Dirt roads, on the other hand, carry further consequences. Dirt roads are unpredictable. A freshly-graded one can be traversed at a speed nearly the same as if it were paved. If it's not adequately maintained, yes, they will slow you down — but unlike speed bumps, the ruts and bumps in unmaintained dirt roads are not painted yellow, nor are their locations known ahead of time. Further, even a well-maintained dirt road carries risks. Rocks thrown from gravel roads can crack windshields and lights, dent body panels, and puncture tires and even tanks. Dirt can gunk up your air filters, leading to more frequent service intervals. Dust thrown up into the air can impair visibility. Further, cars are harder to control on loose surfaces, so more inexperienced or skittish drivers may wish to avoid them.

That's not to say all classified dirt roads should be set to "dirt road", but they also shouldn't all be set to their functional class type. I've read the other thread, and what that leads me to believe is that standards should be set locally/geographically based on what's necessary, so users in certain areas know what to expect. At least where I've been in southeastern Michigan, there's always a paved alternative; daknife paints quite a different picture out West.

I agree that a "Hey, a toll / dirt road would save you x minutes" would be very nice, but that's a separate issue altogether.

Re: Road Types (USA) – comprehensive overhaul of drivable ro

PostPosted: Thu Mar 20, 2014 12:47 pm
by sketch
kentsmith9 wrote:Sketch, I took the liberty to make some adjustments to the Ramp section based on our discussions on ramps so far. I put up a version of that page here here to review. I was especially worried about the wording of the double negative section of when not to use ramps. I think this proposal addresses that possible confusion point.
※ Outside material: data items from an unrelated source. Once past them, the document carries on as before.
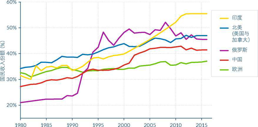 資料來源:時間財富與收入不平等數(shù)據(jù)庫(WID world)。世界不平均報告2018(WIR2018.wid.world)
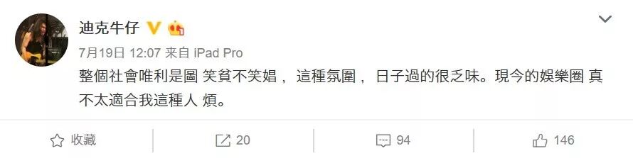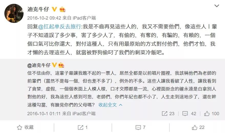 更别说已经60岁高龄的迪克牛仔,还总在微博上抨击着娱乐圈那些丑陋的现象,一会儿怼不务正业的歌手,一会儿痛骂那些唱片圈德高望重的大佬,把他们比作野狗。
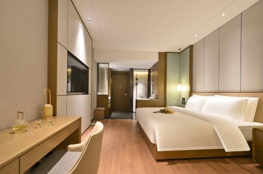房间很大,采光极好,毕竟三面落地窗。床品舒适,洗澡水量充沛,我订的这个房型还有浴缸。空调出风口不对着书桌直吹,这点对商务出差人士极其友好。前台服务周到热情。
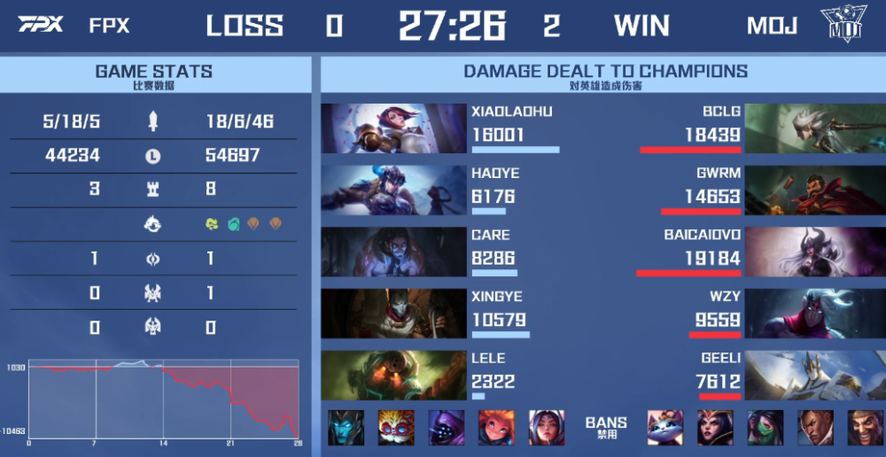 而再从比赛的整个过程来看,如果FPX是以比较小的劣势而输掉比赛,因为新阵容需要磨合倒还能理解。但是这连续的两场比赛几乎都是在25分钟左右的时候结束,不管是对线期还是团战期,MOJ可以说是对FPX打出了完美的压制。特别是上单比较有赛事经验的Xiaolaohu更是在比赛中出现了屡次被“单杀”的情况,而出现这样一边倒比赛也着实让不少网友们感到震惊。
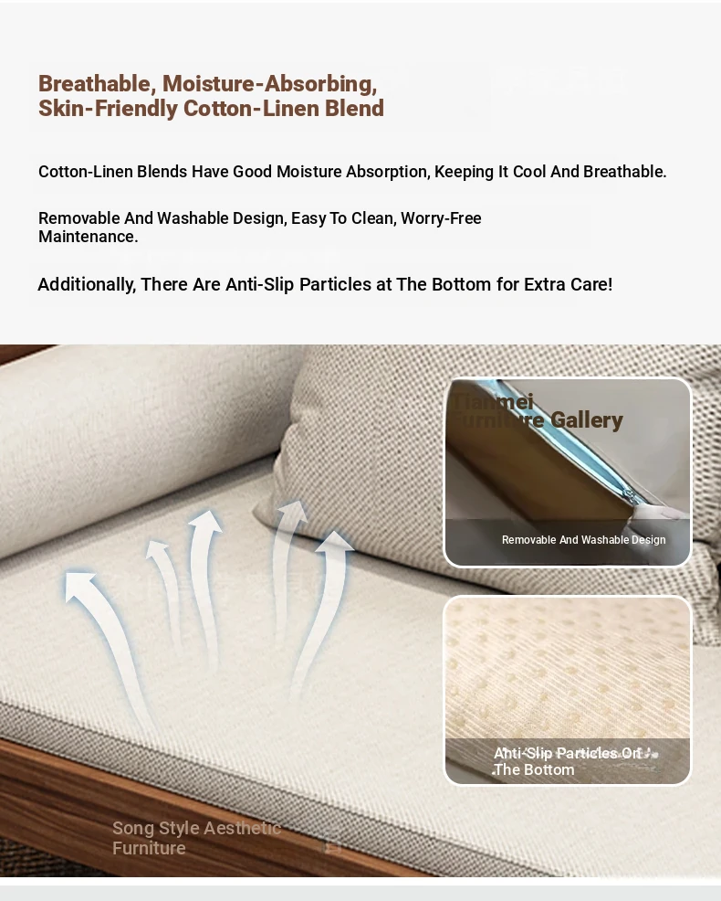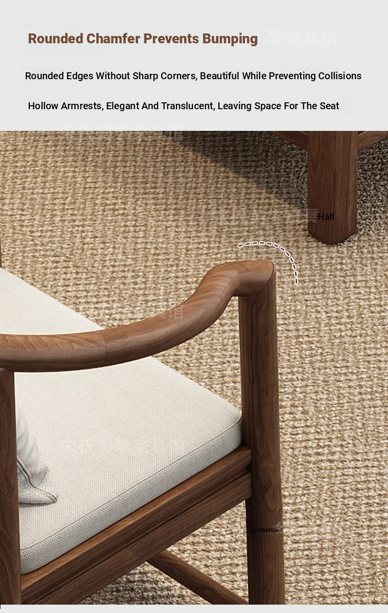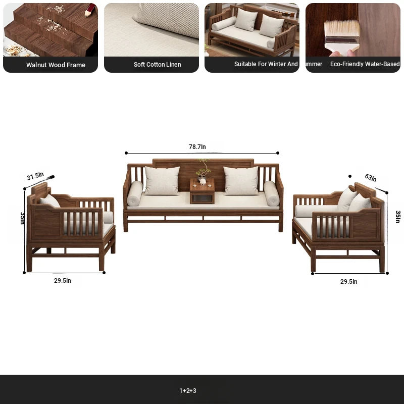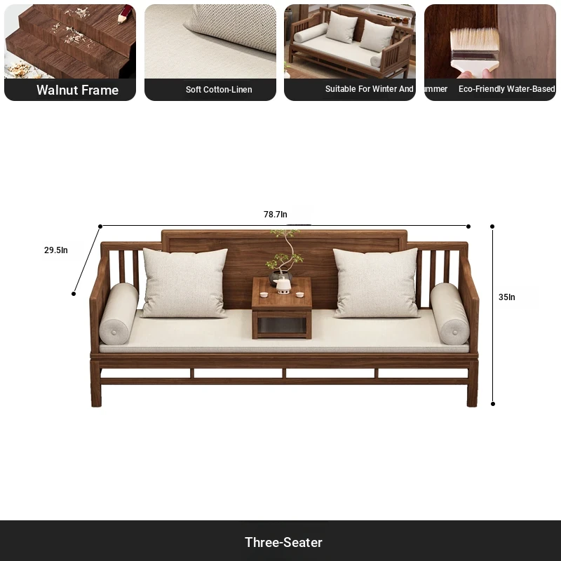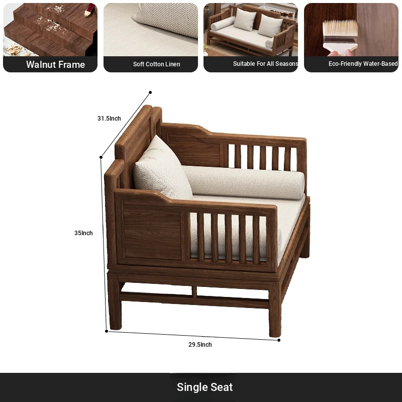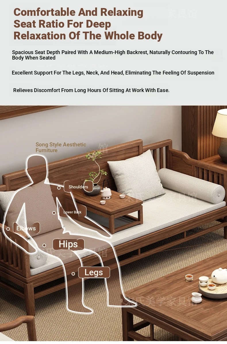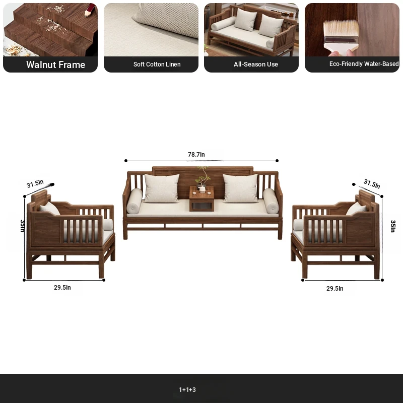 New Chinese Style Solid Walnut Sofa Set - Full Solid Wood, Perfect for Small Spaces, Featuring Modern Song Aesthetic and High-End Zen Furniture Design
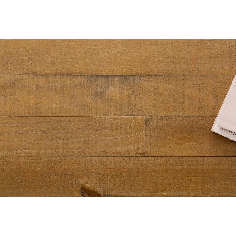 Le buffet repose sur une structure en acier noir à la finition mate, qui souligne ses lignes franches et industrielles. Le bois de pin recyclé, avec ses teintes brunes et ses irrégularités naturelles, apporte chaleur et personnalité à chaque pièce.

Thanks Kent this looks very good. I didn't edit the text for Ramp much if any because I didn't intend to change the rule.

I was looking at that section and was wondering why the language "grade-separated interchange" isn't used at all. It might provide a good contrast to "at-grade". I added a caption to the expressway image under Highways that uses that language, also.

For what it's worth, I got that Florida FC map to load (slowly, but eventually).

dbraughlr's point is well-taken. Disputes may arise in anything. The idea that a better-defined system will have more, rather than fewer, disputes is preposterous.

If this system works nationwide, unmodified, then deviation from the standard won't be necessary AT ALL. The only deviations I've made from this system are mostly inconsequential, basically places where a separate road is used effectively as an at-grade connector. That's it, and I've implemented it in two major metropolitan areas — one of which I did entirely on my own — along with much of the surrounding countryside (and bayous).